**Exercise instructions:**
Your reply should be a faithful copy of the records below, free of pictures.
╭──
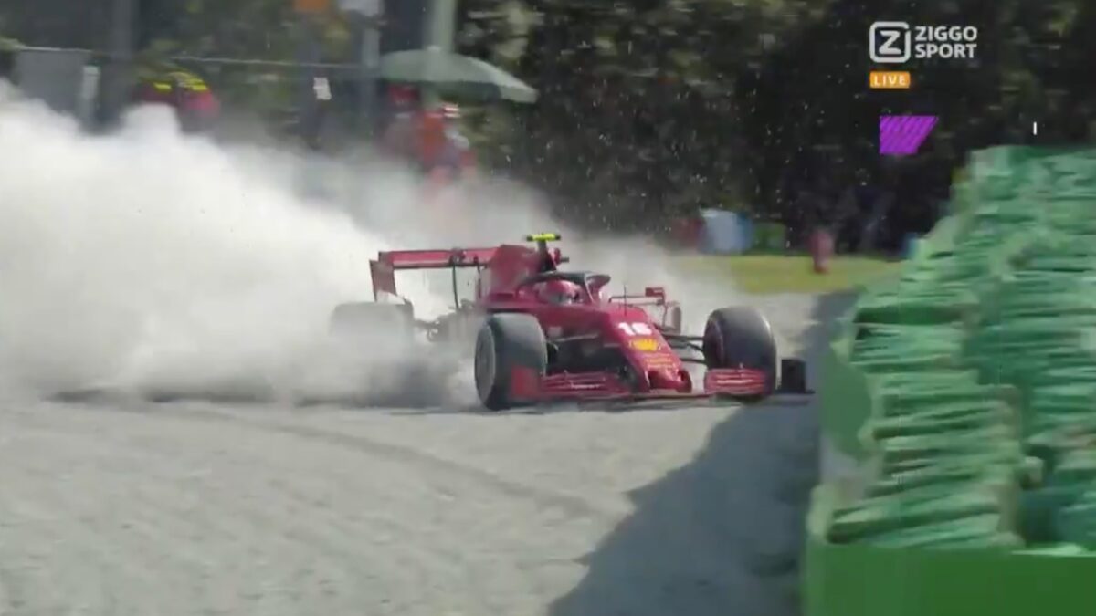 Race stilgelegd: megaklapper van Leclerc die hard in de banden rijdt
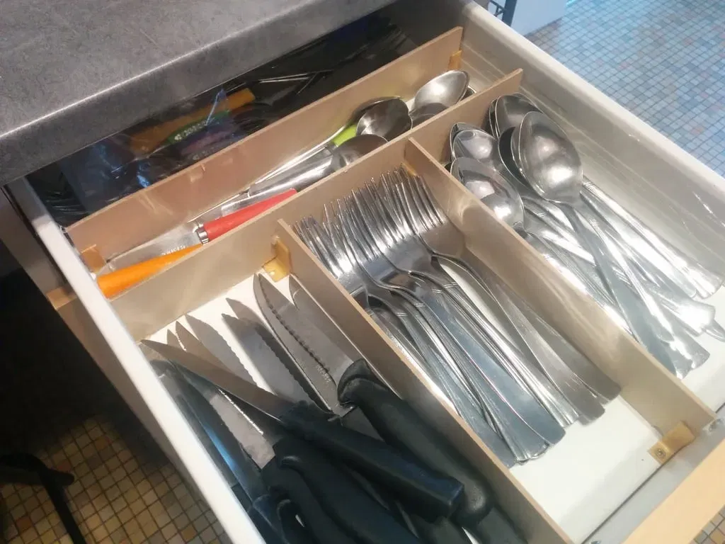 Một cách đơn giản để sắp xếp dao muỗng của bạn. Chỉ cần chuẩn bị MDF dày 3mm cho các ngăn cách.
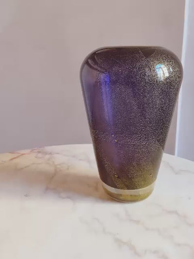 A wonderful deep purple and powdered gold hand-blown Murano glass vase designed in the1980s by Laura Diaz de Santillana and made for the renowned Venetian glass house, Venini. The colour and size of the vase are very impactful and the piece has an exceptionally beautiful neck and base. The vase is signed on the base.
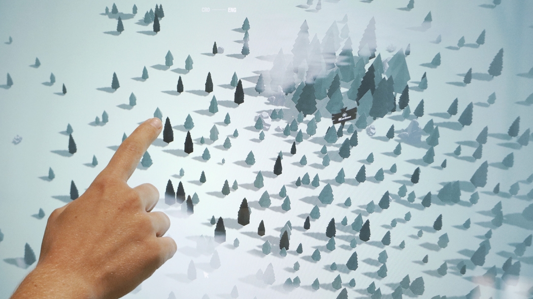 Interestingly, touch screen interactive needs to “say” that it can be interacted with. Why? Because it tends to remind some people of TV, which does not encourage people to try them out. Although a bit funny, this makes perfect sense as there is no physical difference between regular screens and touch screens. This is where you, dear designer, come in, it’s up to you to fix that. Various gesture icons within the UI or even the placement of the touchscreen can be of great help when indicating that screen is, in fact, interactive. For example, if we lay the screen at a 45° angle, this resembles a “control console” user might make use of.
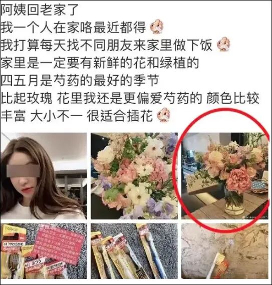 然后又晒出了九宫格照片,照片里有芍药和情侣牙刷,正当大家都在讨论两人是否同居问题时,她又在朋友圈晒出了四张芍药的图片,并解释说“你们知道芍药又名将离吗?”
╰──
**Result for this task:**
 Race stilgelegd: megaklapper van Leclerc die hard in de banden rijdt
 Một cách đơn giản để sắp xếp dao muỗng của bạn. Chỉ cần chuẩn bị MDF dày 3mm cho các ngăn cách.
 A wonderful deep purple and powdered gold hand-blown Murano glass vase designed in the1980s by Laura Diaz de Santillana and made for the renowned Venetian glass house, Venini. The colour and size of the vase are very impactful and the piece has an exceptionally beautiful neck and base. The vase is signed on the base.
 Interestingly, touch screen interactive needs to “say” that it can be interacted with. Why? Because it tends to remind some people of TV, which does not encourage people to try them out. Although a bit funny, this makes perfect sense as there is no physical difference between regular screens and touch screens. This is where you, dear designer, come in, it’s up to you to fix that. Various gesture icons within the UI or even the placement of the touchscreen can be of great help when indicating that screen is, in fact, interactive. For example, if we lay the screen at a 45° angle, this resembles a “control console” user might make use of.
 然后又晒出了九宫格照片,照片里有芍药和情侣牙刷,正当大家都在讨论两人是否同居问题时,她又在朋友圈晒出了四张芍药的图片,并解释说“你们知道芍药又名将离吗?”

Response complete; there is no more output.